Hearing and HPD outcomes
Some of the included studies collected data on hearing health outcomes. For instance, Beach et al. [2] and Degeest et al. [33] reported that 86.0% and 64.8% of their participants, respectively, had experienced noise-induced tinnitus. Similar findings were observed for NIHL: 70.8% of participants in Degeest et al. [33] reported experiencing NIHL “sometimes to always” after noise exposure. Mahomed et al. [45] also found that 21.4% of their participants experienced NIHL after each loud noise exposure. Additionaly, 82.6% of participants described being at least sometimes sensitive to noise following loud music exposure [33]. Widen [54] reported that 5.4% of their 240 participants had permanent tinnitus and 14.1% experienced hyperacusis at least 50% of the time. Zocoli et al. [58] found that participants commonly experienced temporary tinnitus after specific music-related exposures: 45% after leaving a disco club, 28% after attending a concert, and 11% after listening to music through an audio device. However, permanent tinnitus was also rare in their sample, reported by only 0.4% of participants. [59]

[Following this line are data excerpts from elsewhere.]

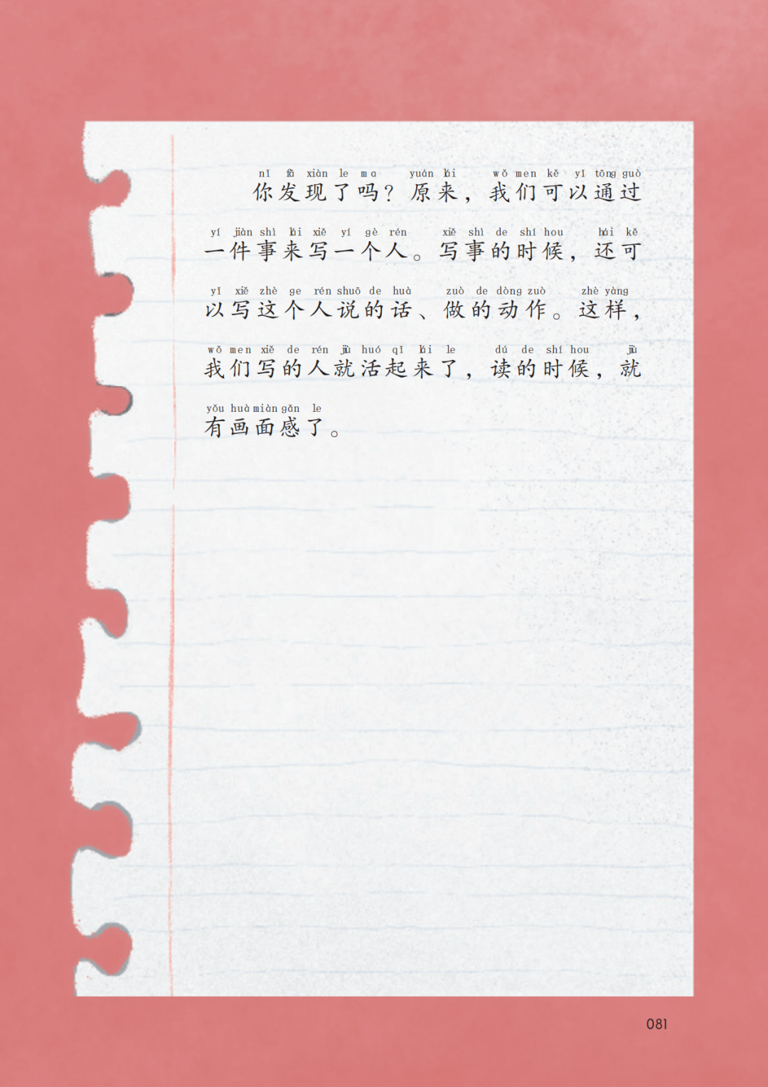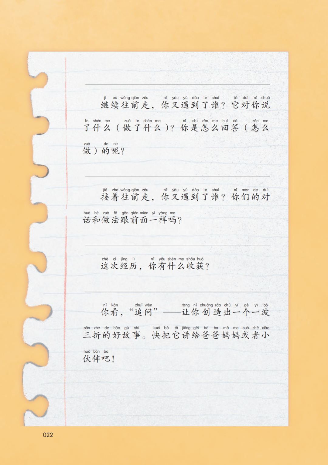接着,通过每篇文章之后设置的“阅读交流话题”,巧妙地引领孩子们在阅读中汲取丰富的写作养料。这些话题,一方面,帮助孩子更好地理解、把握文本;另一方面,会从文本拓展开,联结生活,引导孩子更加开放地去思考、思辨。通过思考与交流,逐步拓宽思维和视野,学习如何运用语言来表达情感,进而勇敢迈向表达与创作的广阔天地。
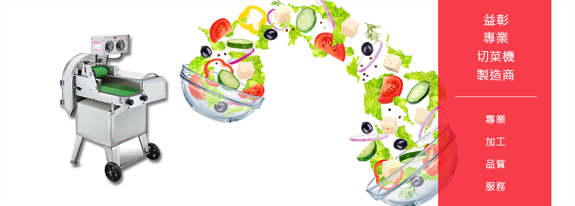 益彰食品機械實業行為切菜機專業製造廠,一貫的經營理念為追求完美、服務客戶。本公司根據各種農產品的特色,與消費者的個別需求,生產不同形式、規格、全系列的切菜機,提供客戶高效率、高生產量,安全可靠,進而節省時間,大大降低工作成本。
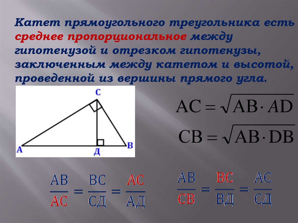 Катет прямоугольного треугольника естьсреднее пропорциональное между

Participants’ attitudes toward HPDs was another recurrent outcome investigated by the included studies. Beach et al. [2], Degeest et al. [33] and Eichwald et al. [30] reported a variety in willingness to use HPDs ranging from 14.9% to 68.3%. Degeest et al. [29,33] used factor 5 of the Beliefs About Hearing Protection and Hearing Loss (BAHPHL) [60] questionnaire to assess the behavioral intentions of their participants regarding hearing health on a scale from 1–5. A high score corresponds to an attitude where one does not care about the possible consequences of hearing loss and is unaware of the benefits of HPDs. Whilst the Degeest et al. 2021 study [33] reported a mean of 3.3 (95% CI = 3.03–3.57) on the questionnaire, the Degeest et al. 2018 study [29] showed a lower mean value of 1.98 (95% CI = 1.66–2.30). This may be due to differences in sample sizes (n = 236 and n = 43 respectively) or the different age groups of focus (teenagers attending high school and young adults of 18–30 years old respectively). Keppler et al. [44] reported a mean of 2.94 (SD = 1.10) on the BAHPHL questionnaire. Prevention of noise-induced hearing symptoms was determined as the most important reason to use HPD by Gilles et al. [12]. The most significant reason to not use it was” I never thought about using it.”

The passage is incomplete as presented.